A Review of the Natural Gas Petroleum Systems, Known or Hypothesized, of the Uinta Basin
Logan MacMillan, Litmus EPO, LLC
Causes of Anomalous Deep Basin Fluid Pressure in Rocky Mountain Basins and their Relation to Regional Gas Accumulation
Fred Meissner, Consultant
A New Game: New Concepts are Needed for Onshore U.S. Exploration
John A. Masters, Direct Detection Experts, LLC
New Perspectives on Basin-Centered Gas from Horizontal Drilling, Frontier Formation, SW Wyoming
Lee F. Krystinik, Krystinik Litho-Logic
Industry analysts predict that present U.S. gas consumption of 22 TCF per year will double by 2020. Increased gas production to meet these increased needs must come from the U.S. and Canada because it can't be carried by tanker or transported across the deep oceans by pipelines.

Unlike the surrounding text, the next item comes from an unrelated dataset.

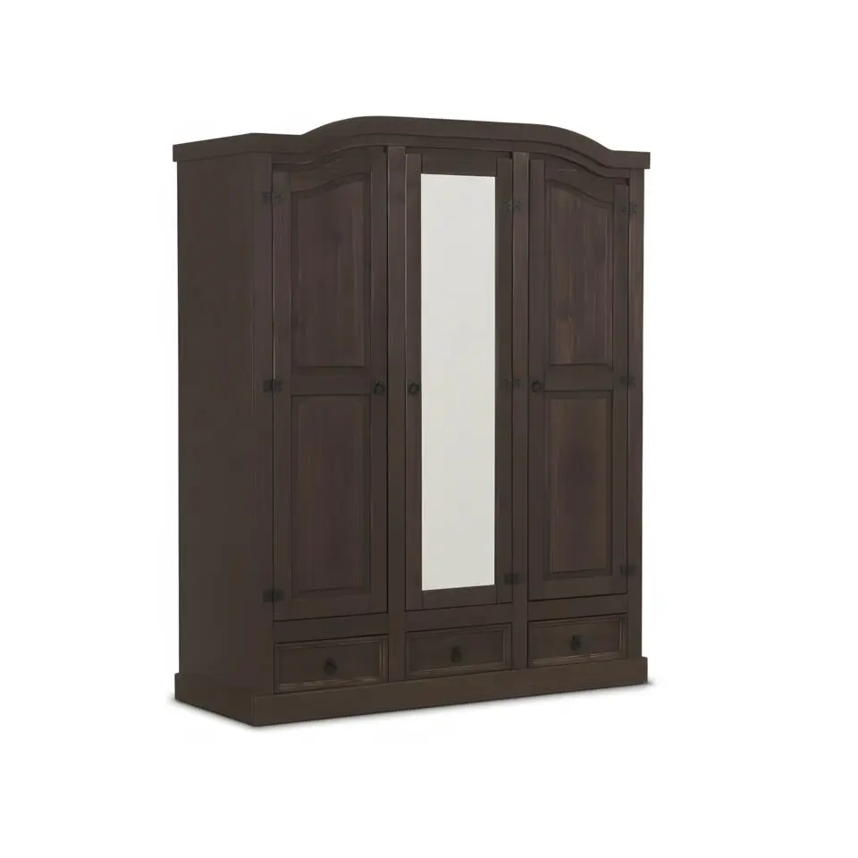 Hioshop New Mexico 3-deurs kledingkast bruin met spiegel

For the past 150 years the U.S. industry has been content with what was found using oil seeps, anticlinal buoyancy theory and seismic. At this symposium John Masters said that all of these concepts are now obsolete. We face a Revolution dictated by doubling of gas demand, dependency on U.S. onshore gas, old traps have been discovered and/or depleted, new onshore gas is largely in basin-centered fields, and that known large basin-centered fields have so far been found largely by luck with very little science involved.
Part of the reason for inaccurate production data for all basin-centered gas accumulations (BCGAs) in the U.S. is the generally poor knowledge of the definition of a BCGA. Understanding the definition and attributes of basin-centered gas systems (BCGSs) will raise levels of awareness and increase exploration effectiveness. BGCAs are a component of BCGSs that Law defines as "an abnormally-pressured, gas-saturated accumulation in low-permeability reservoirs lacking a down-dip water contact". Although "tight gas sands" are an important type of basin-centered gas reservoir, not all of them are BCGAs.
Attributes common to BCGSs include:
There are two basic types of BCGSs: direct and indirect. A direct type is defined as having a gas-prone source rock while an indirect type is defined as having an oil-prone source rock.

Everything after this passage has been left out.